Security quotes of the week

The "cybersecurity" industry has become an increasingly bloated "money machine" for firms wishing to cash in on cyber fears of every stripe, from realistic to ridiculous. And even more alarmingly, it has become an excuse for potential government intrusions into Internet operations on a scope never before imagined.

There are warning signs galore. While we can all agree that SCADA systems that operate industrial control and other infrastructure environments are in need of serious security upgrades -- most really never should have been connected to the public Internet in the first place -- "war game" scenarios now being promulgated to garner political support (and the really big bucks!) for "cyber protection" have become de rigueur for agencies and others hell bent for a ride on the cybersecurity gravy train.

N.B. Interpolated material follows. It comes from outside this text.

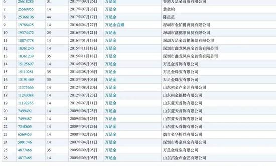 众所周知,作为黄金首饰行业通称的“万足金”,已经公认是黄金纯度及品质的直接象征,在2007年至2017年间,也曾被深圳、江苏、山东等地多家首饰企业或个人以14类商标(含贵重金属、珠宝首饰、宝石等)作为商标名称密集申请注册,皆被商标评审委员会驳回。记者查阅《中国商标网》,粗略统计此类商标约14个,都处于“无效”状态。

By the time of my arrival, the agency was focused almost entirely on finding prohibited items. Constant positive reinforcement on finding items like lighters had turned our checkpoint operations into an Easter-egg hunt. When we ran a test, putting dummy bomb components near lighters in bags at checkpoints, officers caught the lighters, not the bomb parts.

This is the fundamental political problem of airport security: it's in nobody's self-interest to take a stand for what might appear to be reduced security. Imagine that the TSA management announces a new rule that box cutters are now okay, and that they respond to critics by explaining that the current risks to airplanes don't warrant prohibiting them. Even if they're right, they're open to attacks from political opponents that they're not taking terrorism seriously enough. And if they're wrong, their careers are over.